Friday, May 13, 2011

Dealing With Bullies

I hate bullies! Always have... not that anyone loves a bully, but I have a zero tolerance for one person exerting their "power" over another. I can never sit idly by when I see a person being cowed by someone else: no matter what the situation is. 

It's important to teach our kids how to treat others around them, even if they are different: to be able to stick up for the kids being bullied, even if it's difficult: to be able to know what to do when being bullied, even if it's scary.


On the playground, in the work place, at the park - bullies are everywhere. Aaron is always telling me that one day I am going to get him beat up because I just can't keep my mouth shut when I see bullying going on: it's just a protective instinct that I have I guess

I cannot stand to watch ANY movie that has bullying going on. Saw? Never saw it (ha, pun!). Don't get it, don't want to. One of my favorite books, "Flowers For Algernon", is very artfully written and a great story. I do have a hard time reading certain parts of that book however, because of the way the main character is treated. It makes me angry. I want to scream "What is wrong with you!? How can you treat someone like that?".

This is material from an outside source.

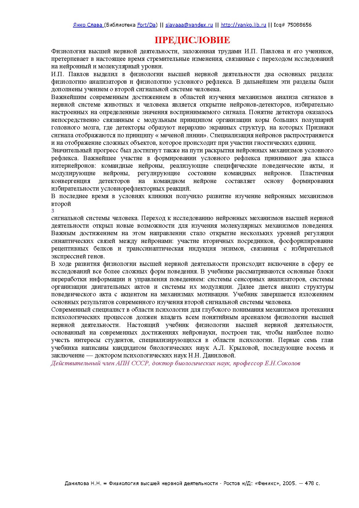 В учебнике рассматриваются основные принципы высшей нервной деятельности, физиология анализаторов, условнорефлекторная деятельность животных и человека, физиологические механизмы поведения, структура поведенческого акта. Включены разделы, посвященные нейрофизиологическим основам психических процессов человека. Большое внимание уделяется проблеме функциональных состояний, их механизмам на системном, нейронном и биохимическом уровнях. Описываются особенности высшей нервной деятельности человека, методы диагностики психологических и психофизиологических качеств.

I wanted to share a post I saw on a site I go to often. Heather Johnson, who has a degree in Family Psychology, has a blog called "Family Volley" which focuses on families. It's great, check it out. She did a post not too long ago on bullying that I thought was extremely helpful. If you have a child that is having problems with bullies, you will especially want to read it.



Heather starts by saying "
First, we realize, that no matter what we do, OUR KIDS WILL FACE CONFRONTATION in their lives. In school, in college, in the work place, in their neighborhoods, in marriage. Confrontation is part of life. We have to prepare them for it. " Then she covers these main points:

  • Start talking to your children young
  • Listen to your child
  • Role play
  • Teach conflict resolution
  • Give them a hobby, interest, sport, talent, where they can excel
  • Teach empathy
  • Let kids work things out on their own
  • Don't dismiss verbal abuse
  • When is it okay to teach your children to fight?
  • Get Dad involved


Just stay open and close to your kids. Give them a safe place at home and the tools they need to remedy the situation if they are being bullied, and the tools they may need if they see someone else being bullied. Center one of your family nights around this topic and come up with scenarios and resolutions together so everyone will know what to do if they ever find themselves in a situation. Knowledge is power.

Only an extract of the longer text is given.